Ольга Сергеевна ставит на стол кастрюлю, опускается на колени перед диваном.
— Деточка моя, милочка! Что? Болит очень? Ножка болит?
Девочка толкает ее в грудь худенькой грязной ручкой.
— Ну не надо сердиться на маму, — просит Ольга Сергеевна. — Тебе вредно сердиться, кошечка моя. У тебя сердечко слабое. Будешь спокойная, скорее поправишься. Хочешь, я принесу тепленькой водички, помоем тебе ручки? Я в одну минуту согрею водички?
Девочка толкнула ее еще раз и демонстративно отвернулась лицом к стене.
— А папа еще не вставал?
Но девочка молчала.
Приоткрылась дверь в крошечную темную комнатушку, выглянуло небритое, одутлое лицо.
— Я сейчас, Олечка, — сказало лицо испуганным шепотом. — У тебя нет случайно папироски?
— Ты же знаешь, что я не курю, — раздраженно ответила Ольга Сергеевна и стала на спиртовке кипятить молоко.
— Ну, конечно, я знаю, — поспешило заверить лицо. — Я только так, на всякий случай.
— Ты бы все-таки поторопился, — сказала Ольга Сергеевна после паузы. — Тебе назначено в девять. Надо же побриться.
Он добродушно потрогал свои щеки.
— Да, признаюсь...
— Ну так поторопись же. Опоздаешь — возьмут другого. И зайди к мадам Аллан, спроси деньги за светр. Я ведь не могу уйти из дому. Выходит, что я даром работаю.
— Да, да, — торопливо соглашался он. — Зайду, и спрошу, и все устрою, только ты не раздражайся.
— Я не раздражаюсь, но вот уже больше недели, как я тебя об этом прошу. Ведь дома нет ни гроша, должен же ты понимать. Ну, чего же ты ждешь, Господи!
Он засуетился, испуганный, с бегающими глазками.

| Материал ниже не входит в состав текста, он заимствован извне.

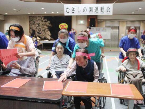 10月の爽やかな風が心地よく感じられる季節、昨年に続き、恒例の運動会が開催されました。全入居者が一堂に会するこのイベントでは、自然と1階ホールが賑わい、開始前から笑顔と歓声があふれていました。
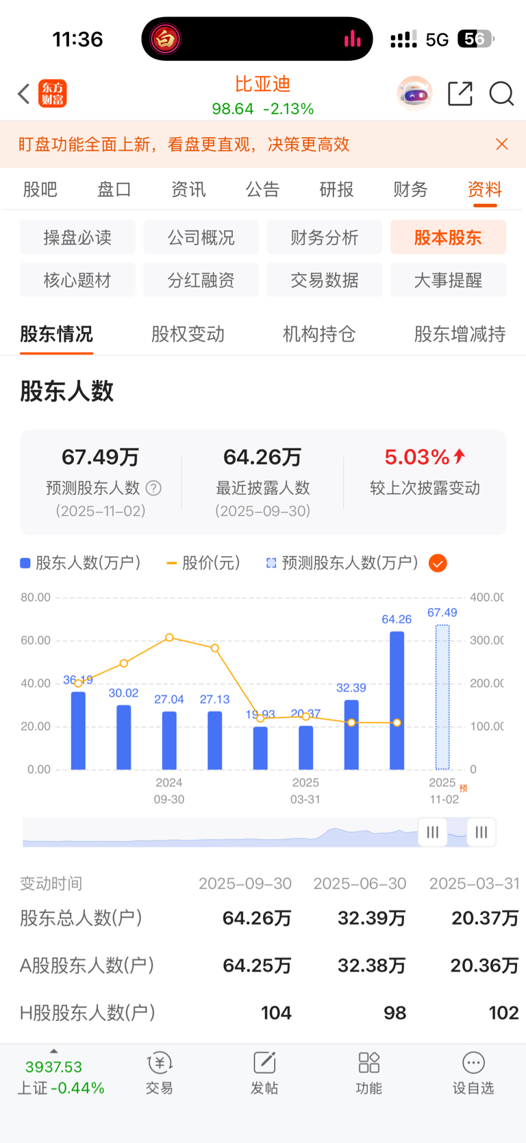 $比亚迪(SZ002594)$ 股东增加了30万,散户爹不死你
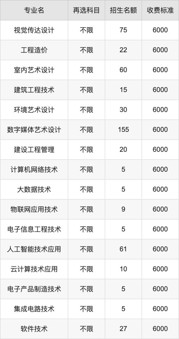 江西工業(yè)職業(yè)技術(shù)學(xué)院在歷史組高職專科招生的各個專業(yè),每年的學(xué)費是6000元。招生人數(shù)最多的專業(yè)是數(shù)字媒體藝術(shù)設(shè)計,2024年招155人,學(xué)費是6000元。
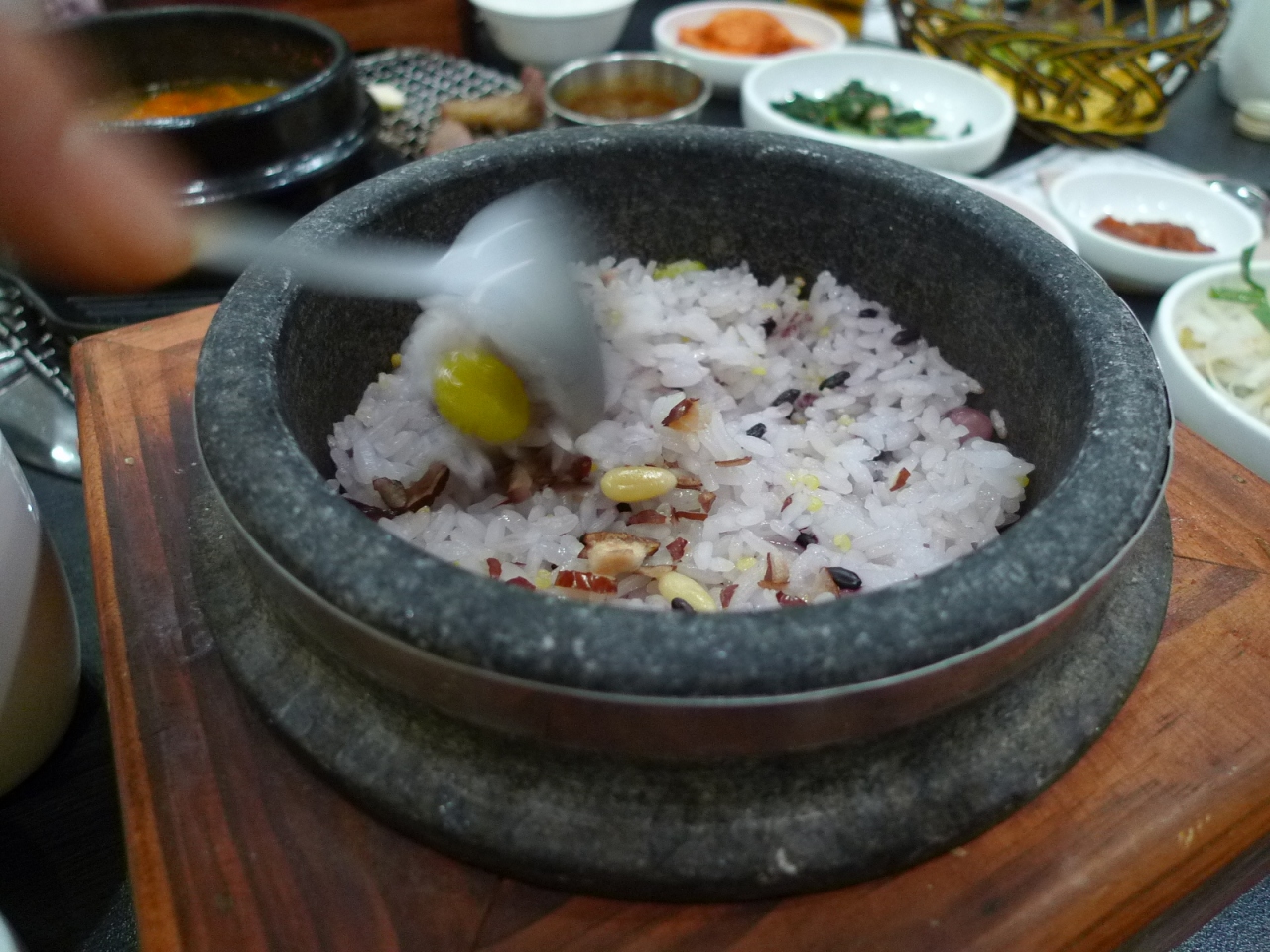 ランチは定食1人前13000wで味噌チゲ付き。ご飯か麺か選べ、早くご飯が食べたいと思い催促してもなかなか来ないと思ったら、ご飯は釜飯でした。お肉は分厚くて、お店の人が焼いてくれます。もう少しお肉食べたいかなとも思いましたが、食べ歩きするには丁度いい量かも。

Она подошла на цыпочках к дивану, нагнулась, заглянула в лицо девочке. Повернулась, погрозила мужу.
— Кажется, спит. Ведь всю ночь плакала.
— Ты бы прилегла, — сказал муж.
— А белье? Я не могу лечь, я должна стирать.
— Но ведь ты так сама...
Она с раздражением отмахнулась от него. Он стал спешно одеваться, спотыкаясь, роняя вещи, ползая по полу за запонкой.
— Ты меня с завтраком не жди, — сказал он, уходя. — Я, вероятно, пройду еще куда-нибудь на рекогносцировку. Насчет местишка.

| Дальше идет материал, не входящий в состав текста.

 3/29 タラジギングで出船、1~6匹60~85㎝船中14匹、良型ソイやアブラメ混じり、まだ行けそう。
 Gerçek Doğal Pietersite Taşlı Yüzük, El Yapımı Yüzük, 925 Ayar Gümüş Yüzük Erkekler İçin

Он попробовал комически подернуть бровью при слове «местишко». Но вышло так жалко и неумело, совсем уж некстати, что он сам это почувствовал и заторопился уйти.
Она проводила глазами его сгорбленную спину в выгоревшем пальто с чужого плеча, и ноющей жалостью заболела душа.

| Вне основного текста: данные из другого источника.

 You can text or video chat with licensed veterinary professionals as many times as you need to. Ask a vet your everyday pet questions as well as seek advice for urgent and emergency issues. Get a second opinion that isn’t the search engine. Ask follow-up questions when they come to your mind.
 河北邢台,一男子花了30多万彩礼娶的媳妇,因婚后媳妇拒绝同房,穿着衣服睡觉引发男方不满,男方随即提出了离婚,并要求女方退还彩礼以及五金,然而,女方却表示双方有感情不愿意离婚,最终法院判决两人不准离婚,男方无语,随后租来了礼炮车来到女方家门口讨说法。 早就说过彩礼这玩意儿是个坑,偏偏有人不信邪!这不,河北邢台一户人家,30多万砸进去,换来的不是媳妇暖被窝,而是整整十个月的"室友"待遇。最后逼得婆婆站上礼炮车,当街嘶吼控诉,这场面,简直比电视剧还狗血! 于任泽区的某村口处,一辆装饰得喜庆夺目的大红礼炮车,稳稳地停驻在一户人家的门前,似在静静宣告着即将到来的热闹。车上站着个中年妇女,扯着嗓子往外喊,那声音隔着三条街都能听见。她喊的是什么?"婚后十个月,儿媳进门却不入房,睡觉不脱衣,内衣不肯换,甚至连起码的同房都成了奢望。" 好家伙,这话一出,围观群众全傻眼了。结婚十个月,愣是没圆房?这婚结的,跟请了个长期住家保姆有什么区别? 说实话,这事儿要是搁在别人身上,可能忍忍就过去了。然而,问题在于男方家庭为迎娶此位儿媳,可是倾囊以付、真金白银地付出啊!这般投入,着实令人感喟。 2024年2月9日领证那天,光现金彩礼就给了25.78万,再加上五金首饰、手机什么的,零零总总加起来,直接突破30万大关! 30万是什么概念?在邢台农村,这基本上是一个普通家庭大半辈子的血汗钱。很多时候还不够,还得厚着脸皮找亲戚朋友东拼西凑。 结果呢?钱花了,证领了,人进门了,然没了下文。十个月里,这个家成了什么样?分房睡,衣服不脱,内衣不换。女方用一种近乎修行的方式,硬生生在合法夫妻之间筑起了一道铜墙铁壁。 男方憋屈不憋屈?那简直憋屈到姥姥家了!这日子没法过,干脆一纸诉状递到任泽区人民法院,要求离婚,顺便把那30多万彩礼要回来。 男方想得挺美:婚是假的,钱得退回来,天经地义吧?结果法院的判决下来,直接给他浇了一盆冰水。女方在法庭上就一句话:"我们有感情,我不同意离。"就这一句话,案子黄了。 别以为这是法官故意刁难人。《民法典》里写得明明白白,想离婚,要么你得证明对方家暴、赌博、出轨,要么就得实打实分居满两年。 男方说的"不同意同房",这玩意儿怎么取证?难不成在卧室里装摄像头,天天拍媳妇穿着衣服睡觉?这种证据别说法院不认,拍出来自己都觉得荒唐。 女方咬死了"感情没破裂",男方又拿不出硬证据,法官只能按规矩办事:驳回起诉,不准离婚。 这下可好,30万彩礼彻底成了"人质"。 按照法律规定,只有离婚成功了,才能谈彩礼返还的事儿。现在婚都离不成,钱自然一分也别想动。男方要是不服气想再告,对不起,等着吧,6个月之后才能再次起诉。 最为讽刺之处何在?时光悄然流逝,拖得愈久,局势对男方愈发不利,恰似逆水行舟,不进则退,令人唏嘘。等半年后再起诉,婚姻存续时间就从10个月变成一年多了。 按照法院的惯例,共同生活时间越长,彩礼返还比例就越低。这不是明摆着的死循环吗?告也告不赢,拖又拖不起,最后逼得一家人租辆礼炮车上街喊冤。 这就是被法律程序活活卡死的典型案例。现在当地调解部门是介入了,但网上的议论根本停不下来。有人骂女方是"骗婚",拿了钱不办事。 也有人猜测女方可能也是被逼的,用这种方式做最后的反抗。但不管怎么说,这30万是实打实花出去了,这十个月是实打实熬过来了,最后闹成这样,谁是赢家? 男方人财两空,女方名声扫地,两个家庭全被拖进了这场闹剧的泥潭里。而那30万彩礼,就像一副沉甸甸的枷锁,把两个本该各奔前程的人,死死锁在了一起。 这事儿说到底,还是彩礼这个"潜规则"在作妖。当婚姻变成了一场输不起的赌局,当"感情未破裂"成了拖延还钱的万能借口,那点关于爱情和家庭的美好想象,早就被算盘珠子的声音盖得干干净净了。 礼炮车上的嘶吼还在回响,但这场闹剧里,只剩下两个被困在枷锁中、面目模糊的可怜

— О-о! — застонала она. — Еще за этого олуха мучайся!
Она встала, растирая усталую спину. Навалила мокрого белья в лоханку, залила кипятком. Посмотрела на свои пальцы, вспухшие, красные. И вдруг вспомнилась красивая, наглая рожа, с гладко склеенными волосами — bien gomme!
Рожа улыбнулась и пропела говорком:
— Се n’est que votre main, madame!
«Я, кажется, засыпаю, — подумала она. — А нужно скорее сварить кашу Маруське, а потом стирать».
В дверь постучали.
— Кто там?
— Простите, Ольга Сергеевна! — прогудел за дверью женский бас. — Мне необходимо, на минутку.
Ольга Сергеевна вздохнула с дрожью, открыла.
— Как живете, моя дорогая? Насилу вас разыскала.
Крупная дама с пышным бюстом, подпертым старинным корсетом, но с лицом длинным и бурым, вошла и села на стул.
— У меня ребенок болен, — вполголоса предупредила Ольга Сергевна. — Простите, мне сейчас трудно.
— Болен? А что с ним? — равнодушно спросила гостья.
— Ревматизм. Суставной. Слабое сердце.
— Ну, ничего, поправится, — успокоила гостья и улыбнулась.
— Очень серьезно болен ребенок, — злобно оборвала ее улыбку Ольга Сергеевна. — Вчера ночью так плохо было, что пришлось первого попавшегося врача звать.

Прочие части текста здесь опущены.